In what scenarios does freezing WPF objects benefit performance greatly?

Drew Noakes picture Drew Noakes · Apr 28, 2009 · Viewed 22.9k times · Source

Many types in WPF derive from Freezable. It provides immutability to mutable POCO objects and, apparently, allows for improved performance in certain situations.

Has anyone found that freezing objects within their WPF application has greatly improved performance? If so, then which items gave the biggest performance difference when being frozen?

(Note that I have posted a similar but different question too)

Answer

user180326 picture user180326 · Mar 6, 2010

You might be interested in my experiences with Freezable:

I once wrote a PDF viewer using muPdf which renders bitmaps, that I render with WPF. What helps performance greatly is that I can render the page bitmaps on a background thread, freeze them, and then pass them to the UI thread. It is nice that WPF does not copy the image to freeze it, but the ability to do all this preparation on a background thread was the key benefit for me.

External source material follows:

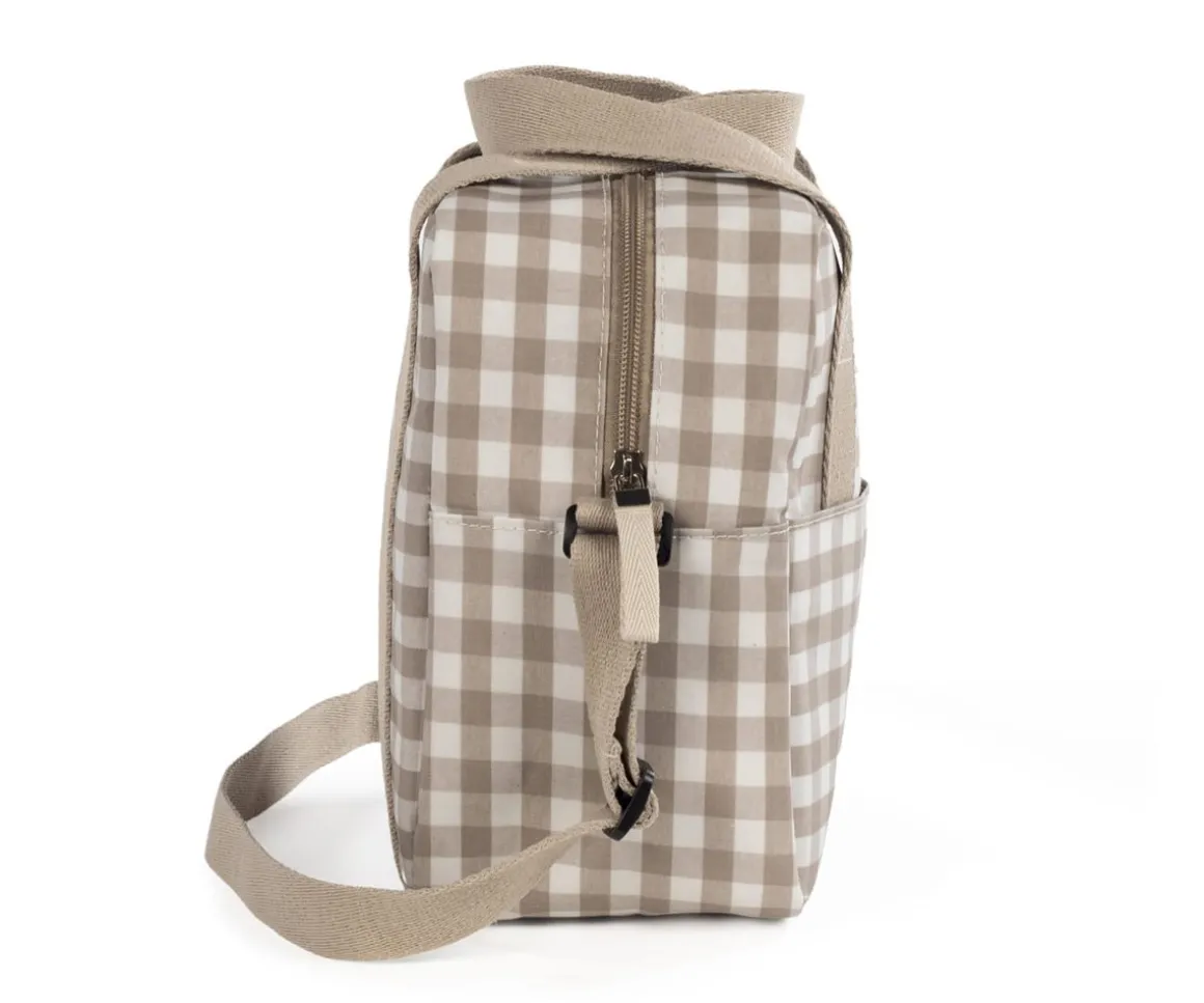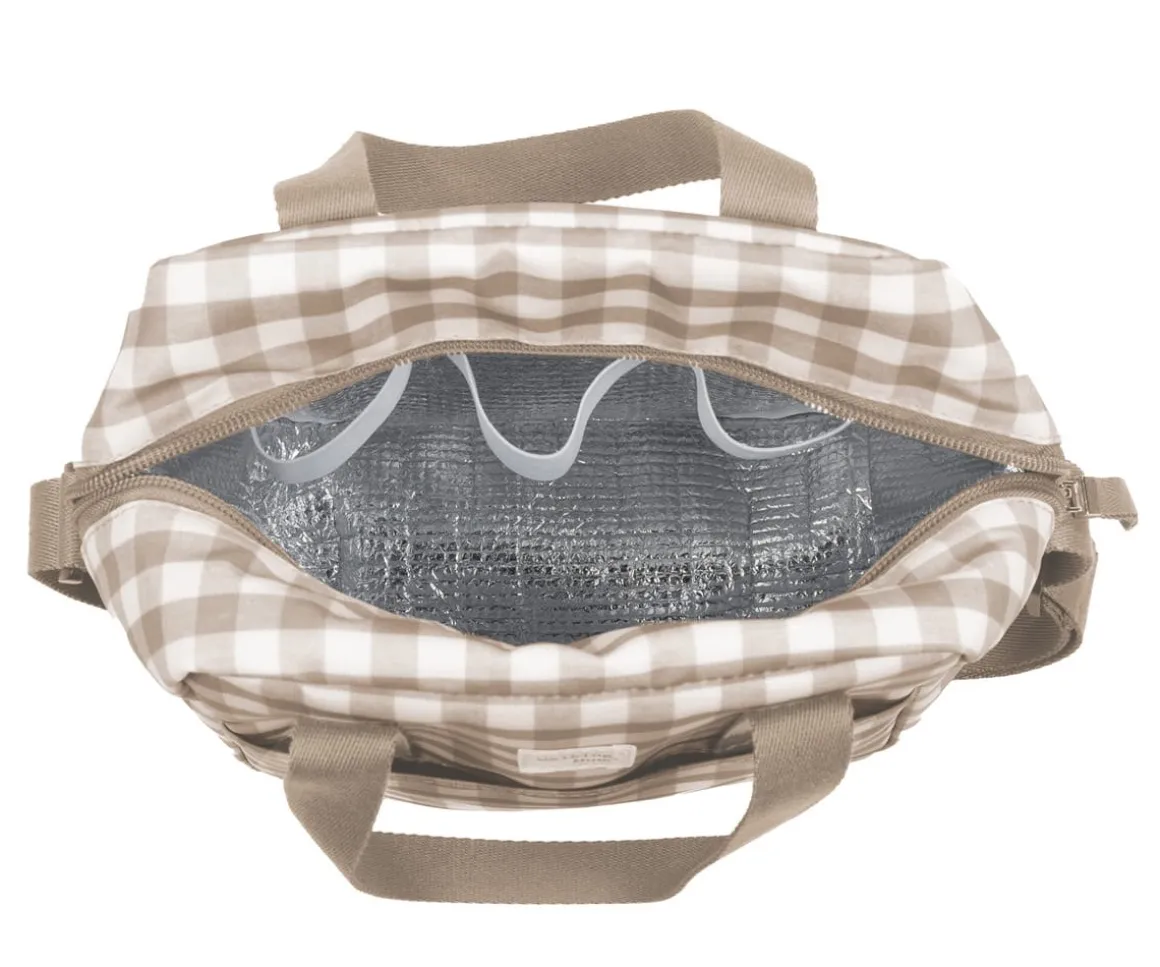 Bolsa térmica con diseño vichy de la colección Caetana Sand de Walking Mum, para biberones o para llevar la comida y almuerzo del peque al parque, al colegio o de viaje.

From what I understand, all visuals need to be frozen so they can be safely rendered by the WPF render thread. If you render large unfrozen visuals, they will get cloned to frozen ones when WPF renders them. If you freeze your static bitmaps beforehand, WPF can just share the pointer with the render thread without cloning. Unfrozen objects may even get copied repeatedly if WPF is not aware wether the object is changed from the last time it was rendered. Frozen objects eliminate the need for all this copying.